CropNet is an open, large-scale, and deep learning-ready dataset, specifically targeting climate change-aware crop yield predictions for the contiguous United States (U.S.) continent at the county level. It is composed of three modalities of data, i.e., Sentinel-2 Imagery, WRF-HRRR Computed Dataset, and USDA Crop Dataset, aligned in both the spatial and temporal domains, for over 2200 U.S. counties spanning 6 years (2017-2022). It is expected to facilitate researchers in developing deep learning models for timely and precisely predicting crop yields at the county level, by accounting for the effects of both short-term growing season weather variations and long-term climate change on crop yields.



## Overview

The CropNet dataset is composed of three modalities of data, i.e., Sentinel-2 Imagery, WRF-HRRR Computed Dataset, and USDA Crop Dataset, spanning from 2017 to 2022 (i.e., 6 years) across 2291 U.S. counties. 

- The dataset is available at [Google Drive](https://drive.google.com/drive/folders/1Js98GAxf1LeAUTxP1JMZZIrKvyJStDgz)

- The tutorials for each modality of data are availbale at [Github](https://anonymous.4open.science/r/CropNet)

  

#### Sentinel-2 Imagery

The Sentinel-2 Imagery, obtained from the [Sentinel-2 mission](https://sentinel.esa.int/web/sentinel/missions/sentinel-2), provides high-resolution satellite images for monitoring crop growth on the ground. It contains 224x224 RGB satellite images, with a spatial resolution of 9x9 km, and a revisit frequency of 14 days. 

#### WRF-HRRR Computed Dataset

The WRF-HRRR Computed Dataset, sourced from the [WRF-HRRR model](https://home.chpc.utah.edu/~u0553130/Brian_Blaylock/hrrr_FAQ.html), contains daily and monthly meteorological parameters, with the former and the latter designed for capturing the direct effects of short-term growing season weather variations on crop growth, and for learning the indirect impacts of long-term climate change on crop yields, respectively.

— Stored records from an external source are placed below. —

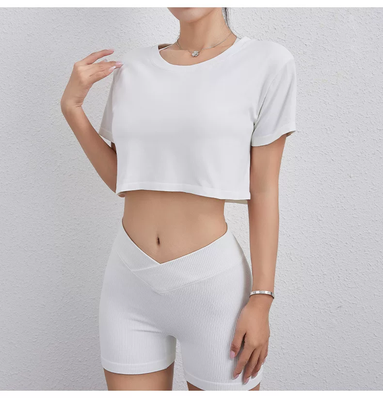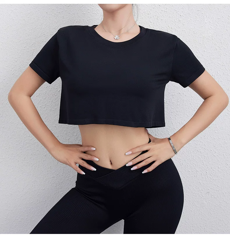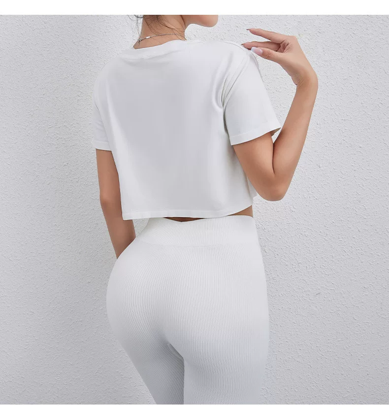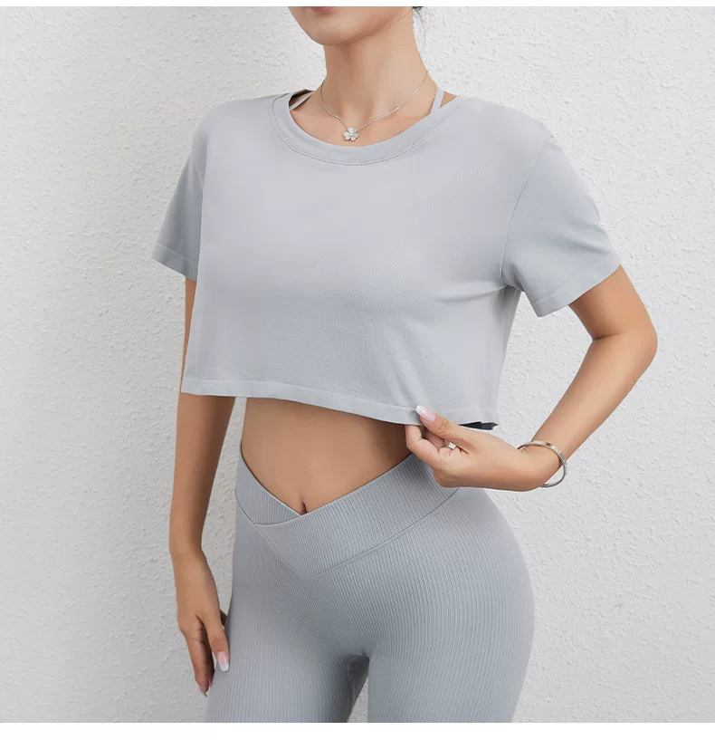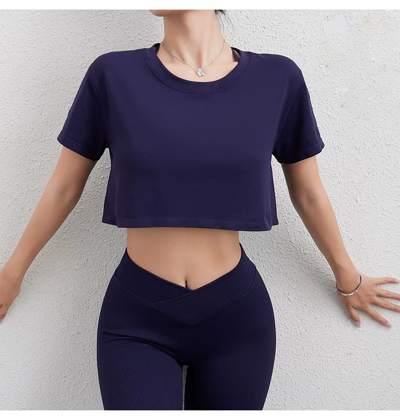 - Áo chạy bộ và tập thể dục tay ngắn, rộng rãi, thoáng khí, cổ tròn, kiểu dáng giản dị, đồ thể thao nhanh khô, áo phông tập yoga dành cho nữ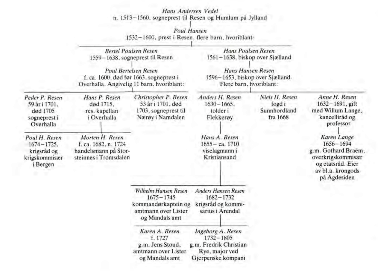 | 24. mar. 2021 kl. 09:11 | Resen oversiktstavle.png (fil) | 707 KB | Oversiktstavlen følger med bokanmeldelsen skrevet av Per Seland i NST b.31 s.340-41: «Mary Windfeldt Kaiser. Slægten Resen/Reesen fra Resen sogn, Skodborg herred, Ringkøbing amt». | 1 | |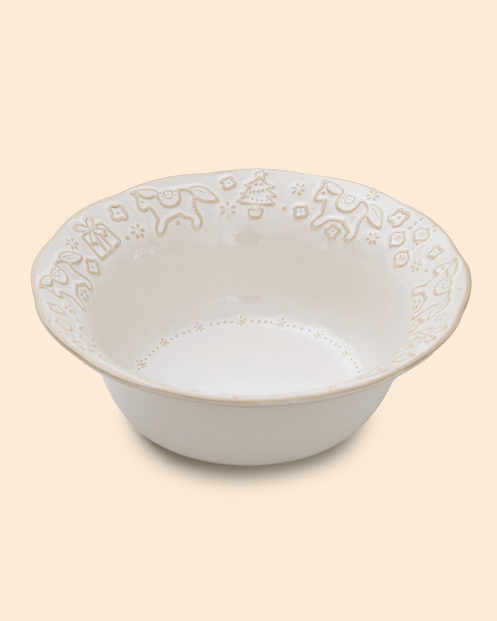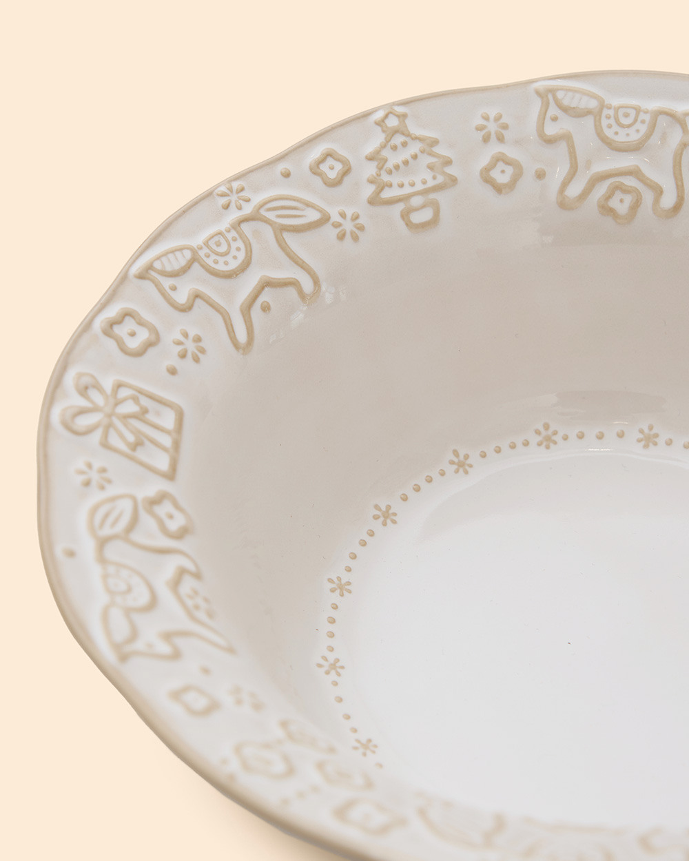 Новогодняя посуда из твердого фарфора, украшенная рельефным узором, воплощает в себе дух праздника и традиции. Каждый предмет этого набора - настоящий шедевр, созданный с любовью и вниманием к деталям. Рисунок, украшающий поверхность посуды, включает в себя классические символы Нового года: снежинки, елочки, подарки и другие элементы, которые ассоциируются с этим волшебным временем.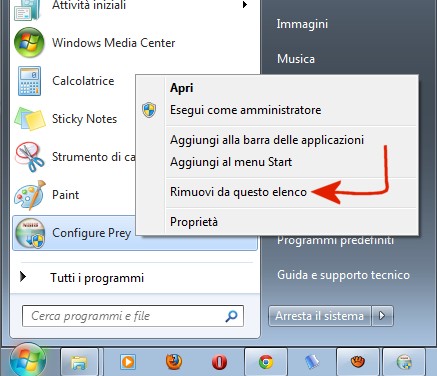 Suggeriamo di eliminare la voce Configure Prey dal pulsante Start di Windows (tasto destro Rimuovi da questo elenco) cancellando eventualmente anche l’intero gruppo Prey dal menù Programmi del sistema operativo.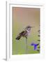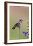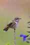 Ruby-throated Hummingbird immature male bathing in garden in rain shower, Marion County, Illinois.

It contains 9 meteorological parameters gridded at 9 km in a one-day (and one-month) interval.

#### USDA Crop Dataset

The USDA Crop Dataset, collected from the [USDA Quick Statistic website](https://quickstats.nass.usda.gov/), offers valuable crop information, such as production, yield, etc., for crops grown at each available county. It offers crop information for four types of crops, i.e., corn, cotton, soybeans, and winter wheat, at a county-level basis, with a temporal resolution of one year.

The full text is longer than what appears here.